In 2000, Giuliano started his own cooking school in Italy at a lavish restored villa outside Verona. On May 20, he and his wife, Lael, will begin six weeks of teaching classes that are a total immersion into the world of Italian cuisine. In the mornings, there will be field trips, including to a rice mill where risotto is made. In the evenings, there will be five hours of nightly hands-on cooking instruction.
The classes, which cost up to $4,300 per student for six days of instruction, are almost always sold out months in advance.
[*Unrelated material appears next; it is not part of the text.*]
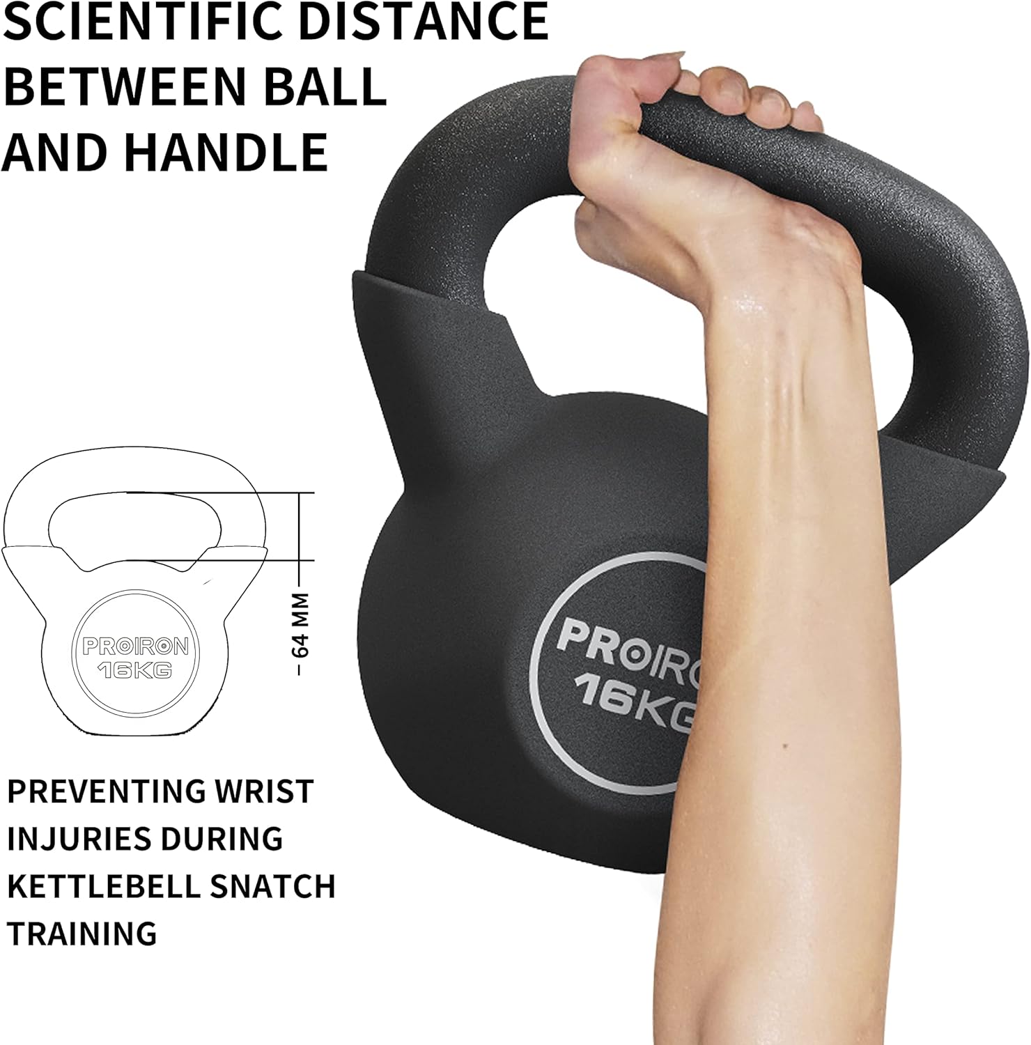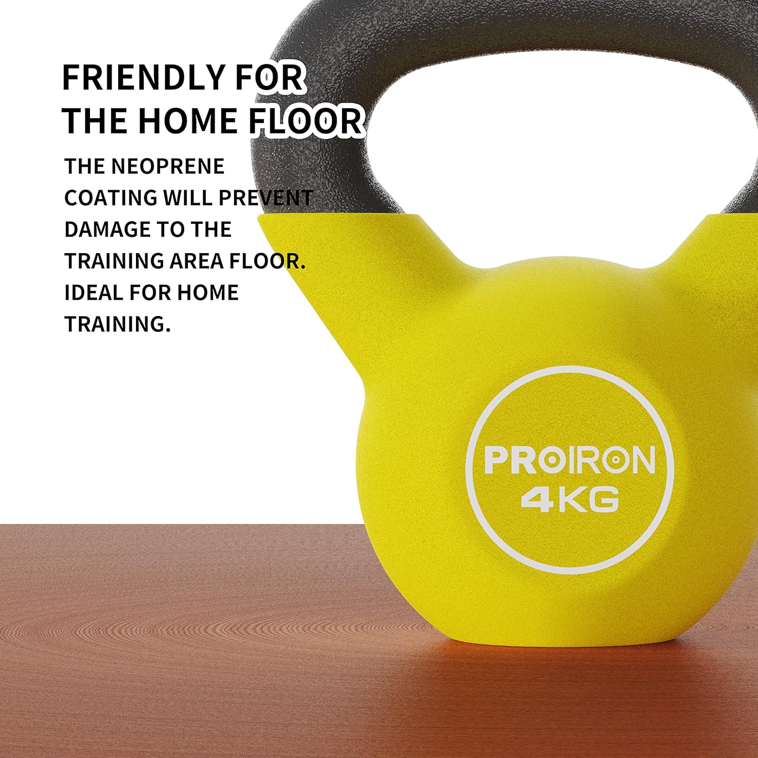 【Flat Bottom & Colour-Coded】- FLAT BOTTOM FOR STABILITY. PROIRON kettlebells ranges from 4kg to 20kg, suitable for both beginner and advanced. The range is colour-coded, easy for kettle weight selection

The demand will likely grow. In April, Giuliano was named Cooking Teacher of the Year by the International Association of Culinary Professionals in Chicago. Accepting the award in front of a crowd of about 2,000 chefs, cookbook authors and restaurant owners, he thanked his family.
Especially his mother.
Reporter Jeff Houck can be reached at (813) 259-7324 and at jhouck@tampatrib.com.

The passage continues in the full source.